BEGIN

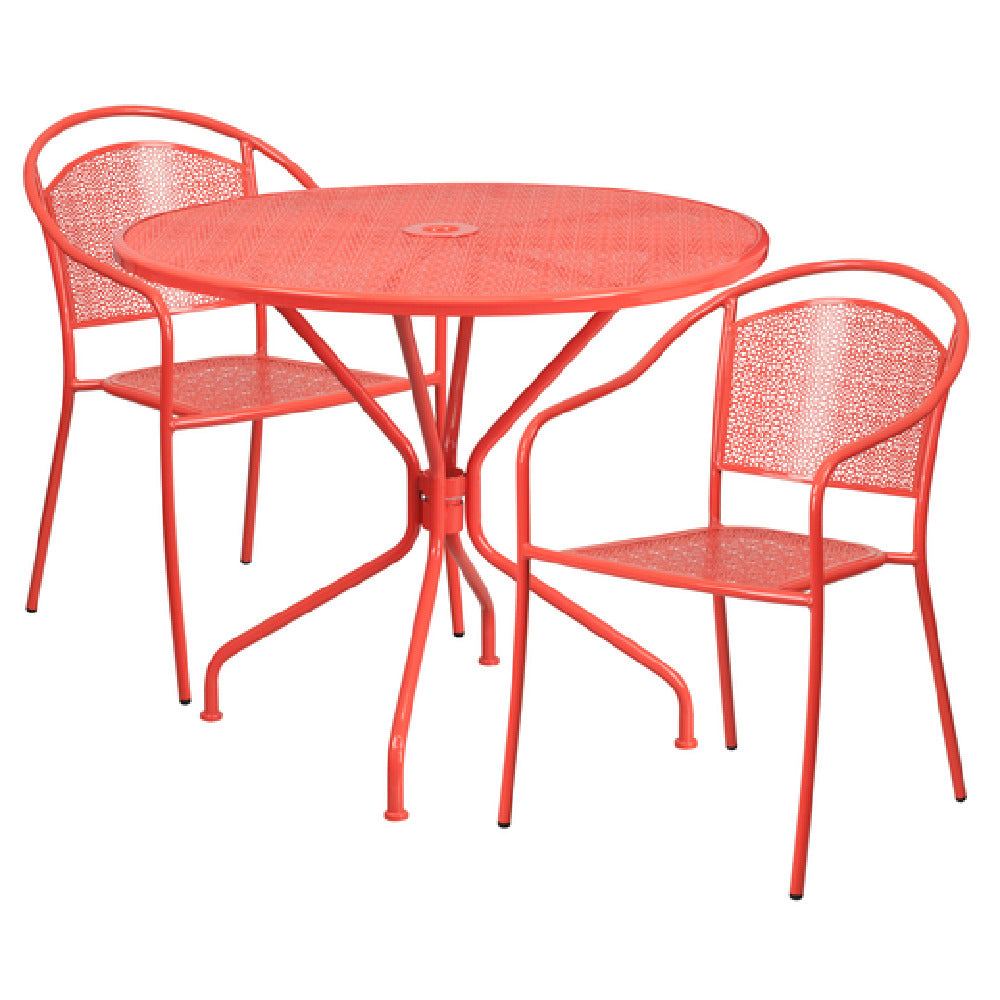 Flash Furniture CO-35RD-03CHR2-RED-GG Patio Table Set is a thoughtfully designed set, perfect for enhancing both indoor and outdoor settings. This set includes a single table with dimensions of 35-1/4" diameter and 28-3/4" height, featuring a charming rain flower design top and a 1-1/2" diameter umbrella hole for added functionality. The table's 1" edge adds to its sleek appearance. This set also includes two stacking arm chairs characterized by their round back and matching rain flower design on both back and seat. Each chair is built with a sturdy 1.2mm tubular steel frame, ensuring durability with a weight capacity of 300 pounds. The chairs can be stacked up to 8 high, providing convenient storage solutions. The coral-colored steel boasts a powder coat finish, offering resilience against various weather conditions, making it ideal for patios and garden spaces. Plastic floor glides protect surfaces, allowing seamless movement without scratches. Assembly is required, and the product ships in two boxes, usually within 24 hours if in stock. This patio set is a versatile choice for those seeking both style and practical design for their leisure spaces.
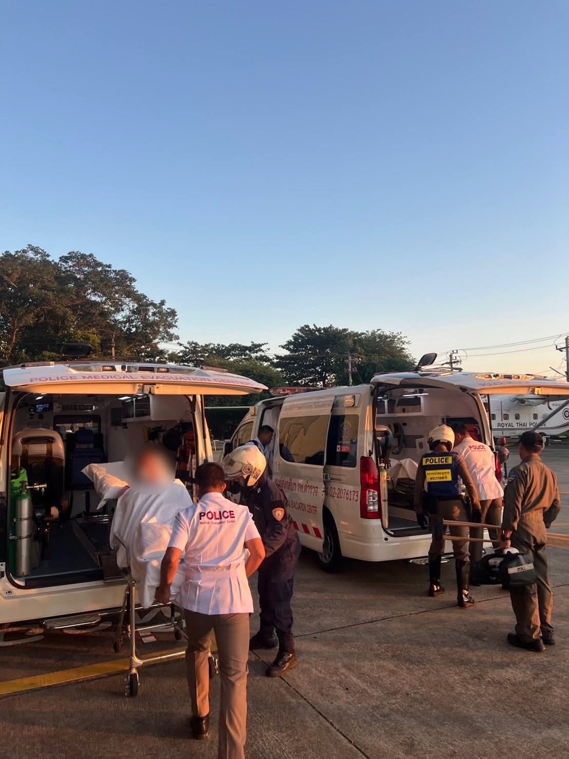 โดยมีรถพยาบาลของกลุ่มงานศูนย์ส่งกลับและรถพยาบาล โรงพยาบาลตำรวจ รับผู้ป่วยมาส่งห้องฉุกเฉินและอุบัติเหตุ โรงพยาบาลตำรวจ ในเวลา 18.02 น.
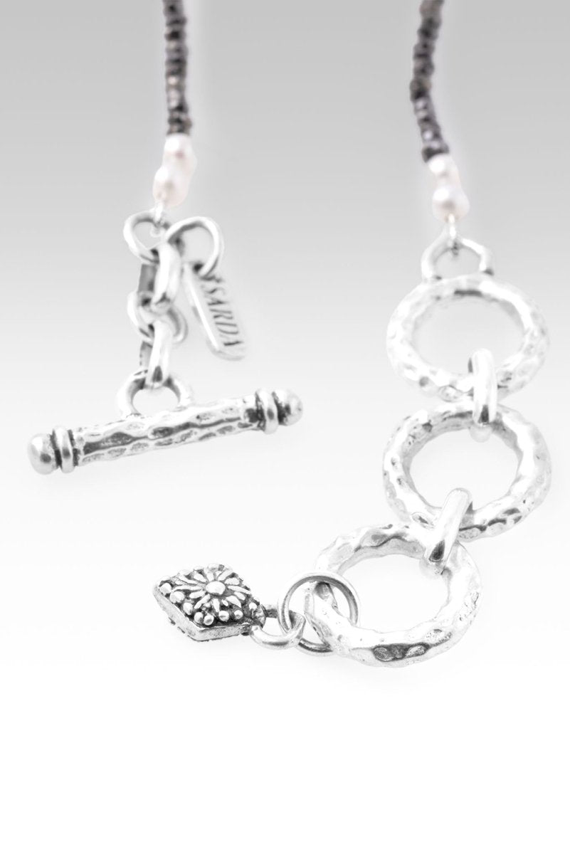 Beaded Black Diamond & Freshwater Pearl Necklace™ in Hammered
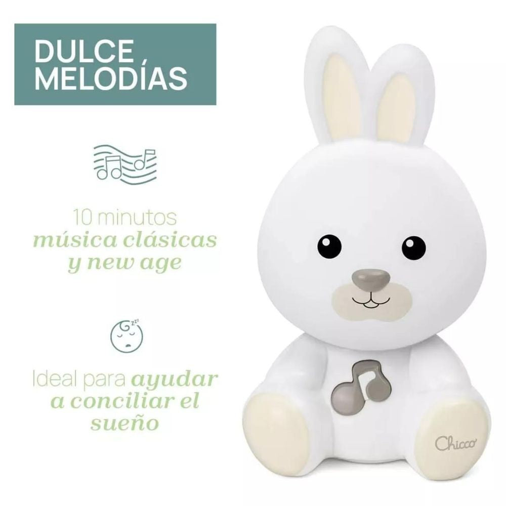 MELODÍAS: Al pulsar la nota sobre la barriguita del conejo se activan 10 minutos de música clásica y melodías modernas que acompañan al bebé durante los primeros momentos de la hora de dormir, creando una atmósfera serena y tranquilizadora.
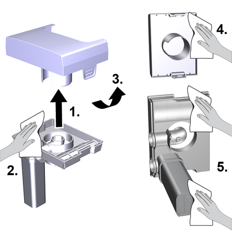 When continuing the cleaning work: Replace the filler cap, making sure that it is firmly seated. Insert the waste water tank down to the bottom of the device.
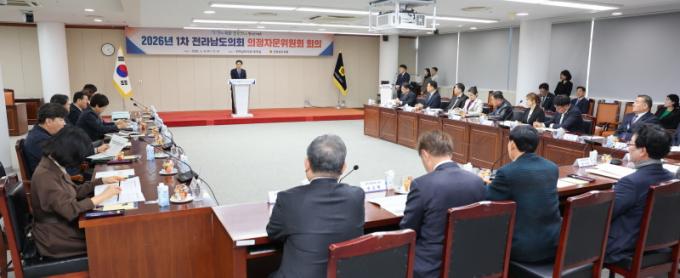 [µ¥Àϸ®Àü³² = ÃÖ¼ö¿¬ ±âÀÚ] Àü¶ó³²µµÀÇȸ(ÀÇÀå ±èűÕ)´Â 4ÀÏ µµÀÇȸ ÃÊÀǽǿ¡¼ Á¦5±â ÀÇÁ¤ÀÚ¹®À§¿øÈ¸ 2026³â Á¦1Â÷ ȸÀǸ¦ °³ÃÖÇϰí, Àü³²±¤ÁÖÇàÁ¤ÅëÇÕÆ¯º°¹ý Åë°ú¿¡ µû¸¥ Áö¿ª ±ÕÇü¹ßÀü ¹× ÀÇȸÀÇ ¿ªÇÒÀ» ÁÖÁ¦·Î ³íÀǸ¦ ÁøÇàÇß´Ù.
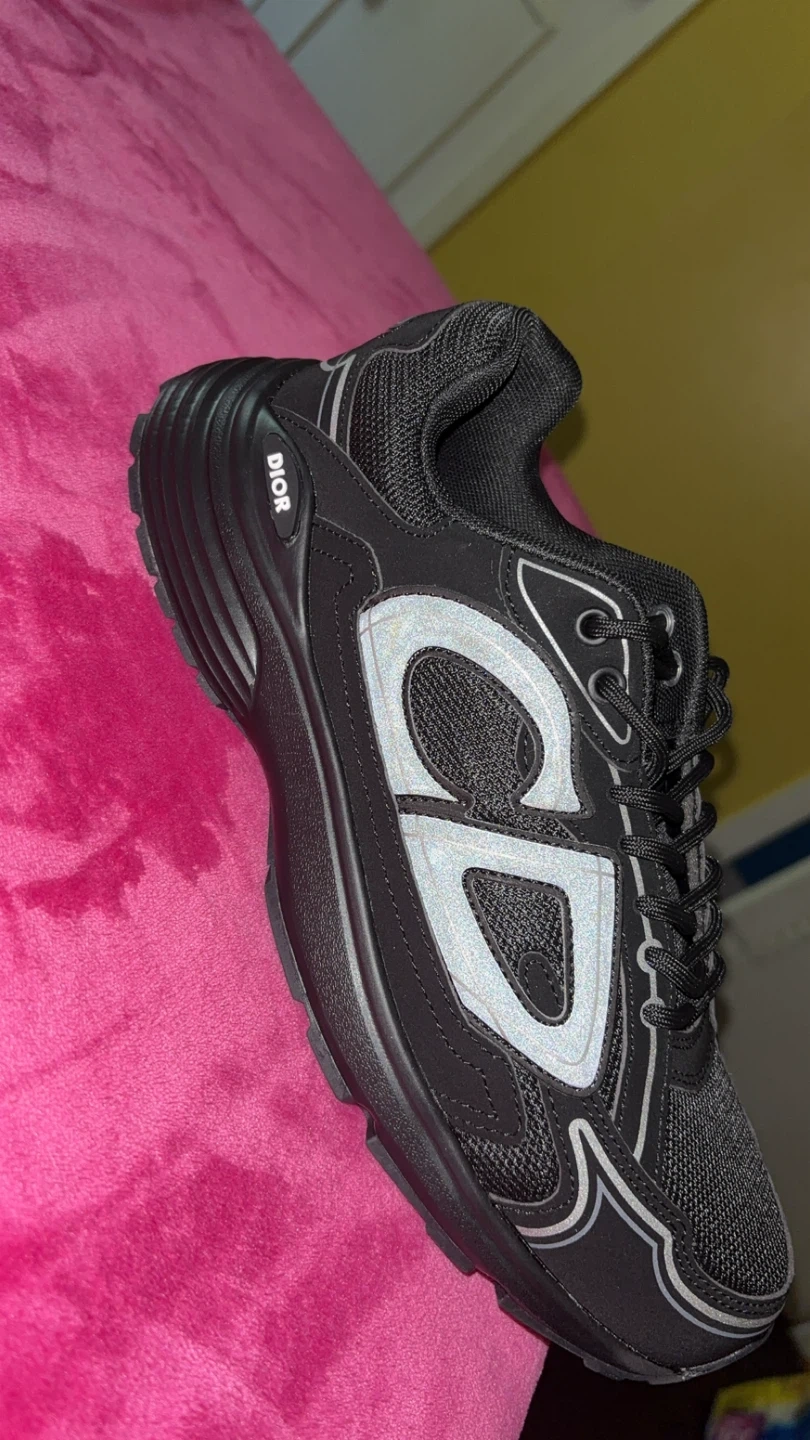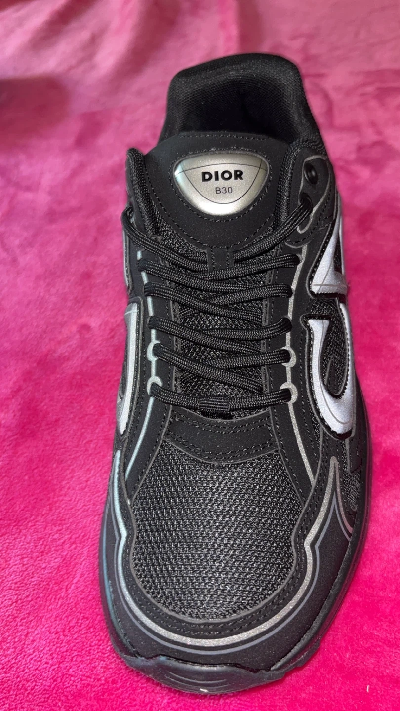 Selling a pair of Dior B30 sneakers in black. They're in great condition and ready for a new home! The shoes feature the iconic Dior logo and a sleek design. Perfect for adding a touch of luxury to your everyday look
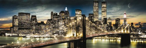 New York City Manhattan Night and Moon Decorative Travel Photography Art Print Poster 12x36
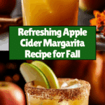 A refreshing and festive Apple Cider Margarita cocktail that combines the crisp sweetness of apple cider with tequila and a hint of cinnamon sugar-rimmed glass for a perfect fall-inspired drink.
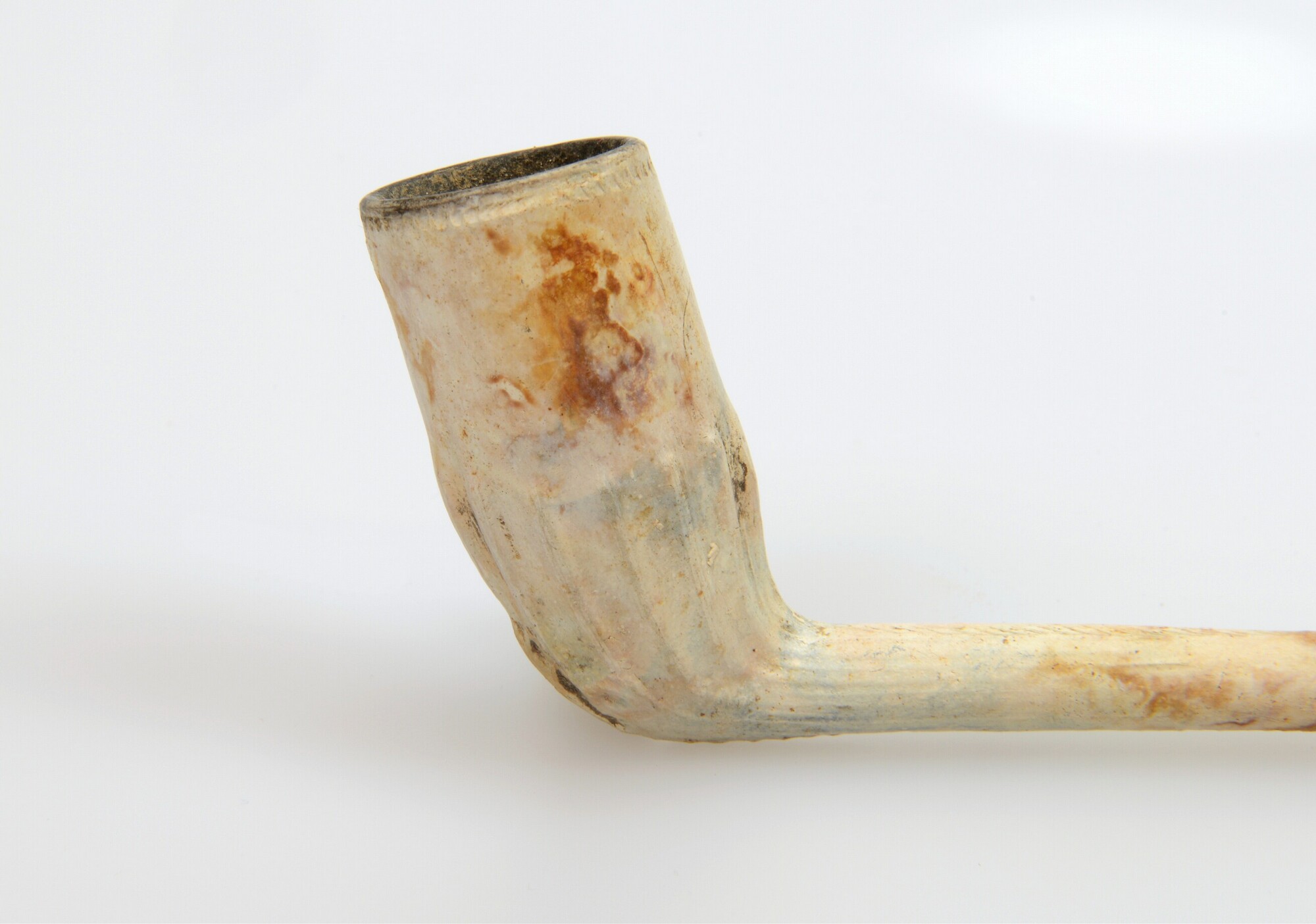 Tabakspijp; rondbodem / ovoïde ketel zonder hiel; ketel gebotterd; radering rond ketelopening; ketelbasis in reliëf knorrenmotief bekroond met een bladmotief; ketel inwendig beroet; herkomst: Gouda
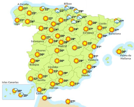 I Baskerlandet og Asturien er det ret overskyet, og der kommer byger. I Catalonien og på Balearerne vekslende skydække og også mulighed for byger. Den nordlige del af De Kanariske Øer får skyet vejr, men det skulle holde tørt. I resten af landet letskyet eller skyfrit.

END

WHAT THE TASK REQUIRES:
Please return exactly, and only, the lines from the one containing "A refreshing and" through the end of the records, with both end lines kept and every picture dropped.

SOLUTION FOR THIS EXERCISE:
 A refreshing and festive Apple Cider Margarita cocktail that combines the crisp sweetness of apple cider with tequila and a hint of cinnamon sugar-rimmed glass for a perfect fall-inspired drink.
 Tabakspijp; rondbodem / ovoïde ketel zonder hiel; ketel gebotterd; radering rond ketelopening; ketelbasis in reliëf knorrenmotief bekroond met een bladmotief; ketel inwendig beroet; herkomst: Gouda
 I Baskerlandet og Asturien er det ret overskyet, og der kommer byger. I Catalonien og på Balearerne vekslende skydække og også mulighed for byger. Den nordlige del af De Kanariske Øer får skyet vejr, men det skulle holde tørt. I resten af landet letskyet eller skyfrit.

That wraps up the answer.